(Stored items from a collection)
[Start of Attachment]

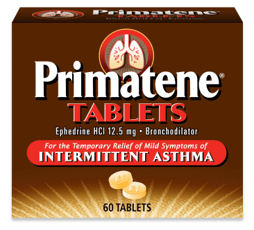 Formulated with ephedrine HCl, Primatene Tablets give you temporary, powerful relief of intermittent asthma symptoms for up to 4 hours—without a prescription. Designed to relax the muscle bands that may tighten around your airways, Primatene Tablets help rapidly open your airways to allow more airflow. Get back to breathing at your best with Primatene Tablets.
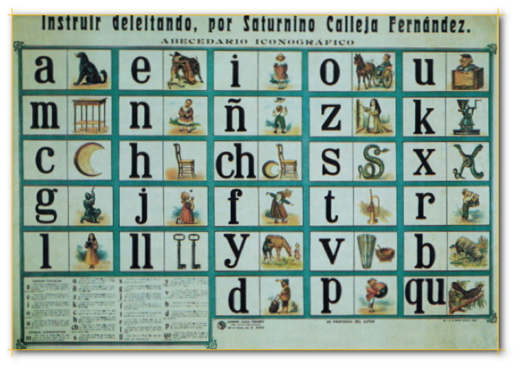 Abecedario iconográfico de la casa Calleja, sin fecha pero editado a finales del XIX, con el título "Instruir deleitando".
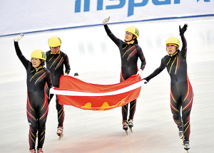 ■黑龍江女隊獲得女子短道速滑接力賽冠軍。 本欄攝影 周光輝
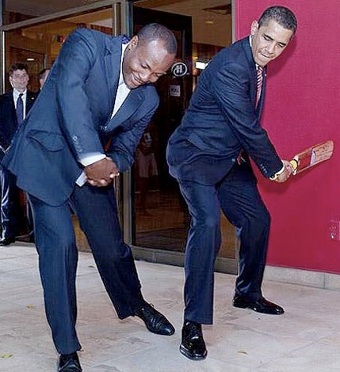 The President was pictured taking tips from West Indies legend Brian Lara in Trinidad and Tobago last year.
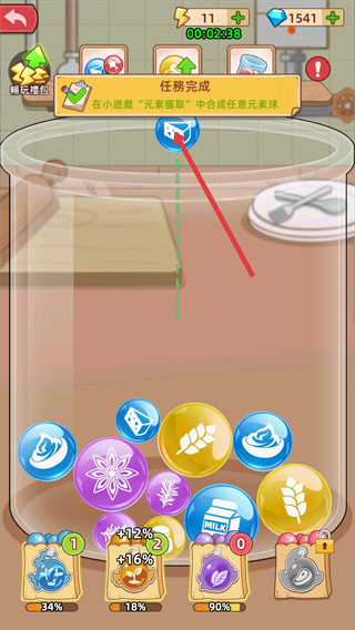 3、持續調整新元素球的下落位置,與已有元素球完成合成,積累合成進度,推進對應的任務要求。
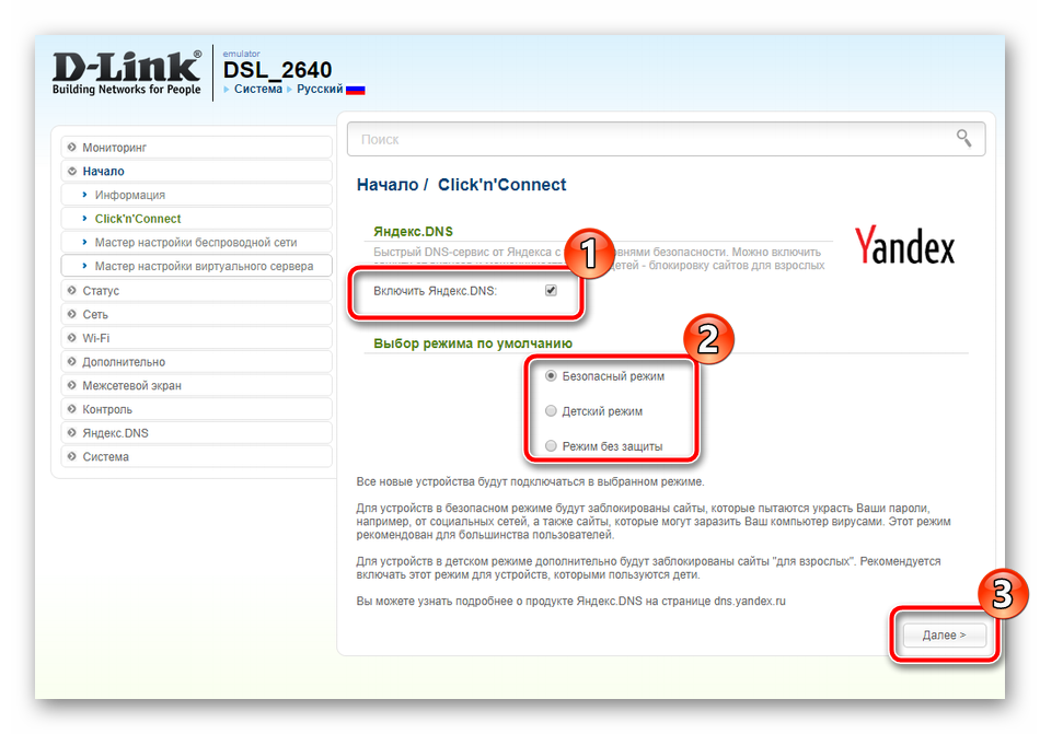 D-Link предлагает пользователям возможность включить DNS от Яндекса Используя сервис, вы можете организовать безопасную систему для защиты от нежелательного контента и вирусов В открывшемся окне содержится краткое описание каждого режима. Поэтому прочитайте их, поставьте отметку напротив соответствующего и продолжайте
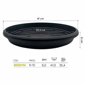 Prato para Vaso Redondo (10) Preto NUTRIPLANDescrição * Este prato redondo foi desenvolvido especialmente para complementar os vasos da linha Jardins. * Com design funcional e elegante, ele oferece suporte ideal para o seu vaso, protegendo superfícies contra sujeira e umidade. Características * Tamanho: N 10 * Altura: 6 cm * Diâmetro Externo (com borda): 41 cm * Diâmetro Interno: 35,4 cm * Material: Produto reciclado * Composição: MP (Material Plástico) * Tipo de Plástico: PP (Polipropileno) Informações/Dicas/Usos * Ideal para os modelos: Vaso Romano Redondo N4, Vaso Terracota Redondo N4, Vaso Comum Redondo N8 Nós da CULTIV.ME trabalhamos desde 2013 para trazer os melhores produtos ao alcance de todos. CULTIV.ME o verde que faltava!
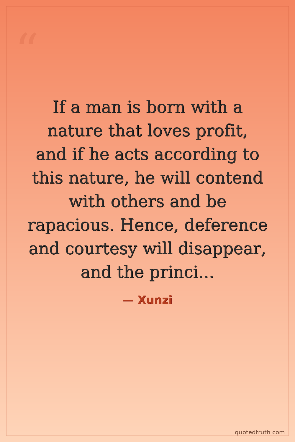 If a man is born with a nature that loves profit, and if he acts according to this nature, he will contend with others and be rapacious. Hence, deference and courtesy will disappear, and the principles of good order and civilization will be lost.
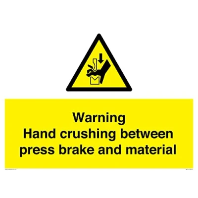 W030 : Hand crushing between press brake tool This sign is made from vinyl high tack A stickier sticker. Uses a stronger adhesive to make it more suitable for plastic surfaces like Wheelie Bins or where the sticker might get rubbed. A1 landscape Sign Text: Warning Hand crushing between press brake and material

[End of Attachment]

▶ [Aim of the exercise] Every line above in the stretch from the one with "The President was" through the one with "D-Link предлагает пользователям" is to be transcribed exactly, ends included. No picture is copied.

▶ [Answer section]
 The President was pictured taking tips from West Indies legend Brian Lara in Trinidad and Tobago last year.
 3、持續調整新元素球的下落位置,與已有元素球完成合成,積累合成進度,推進對應的任務要求。
 D-Link предлагает пользователям возможность включить DNS от Яндекса Используя сервис, вы можете организовать безопасную систему для защиты от нежелательного контента и вирусов В открывшемся окне содержится краткое описание каждого режима. Поэтому прочитайте их, поставьте отметку напротив соответствующего и продолжайте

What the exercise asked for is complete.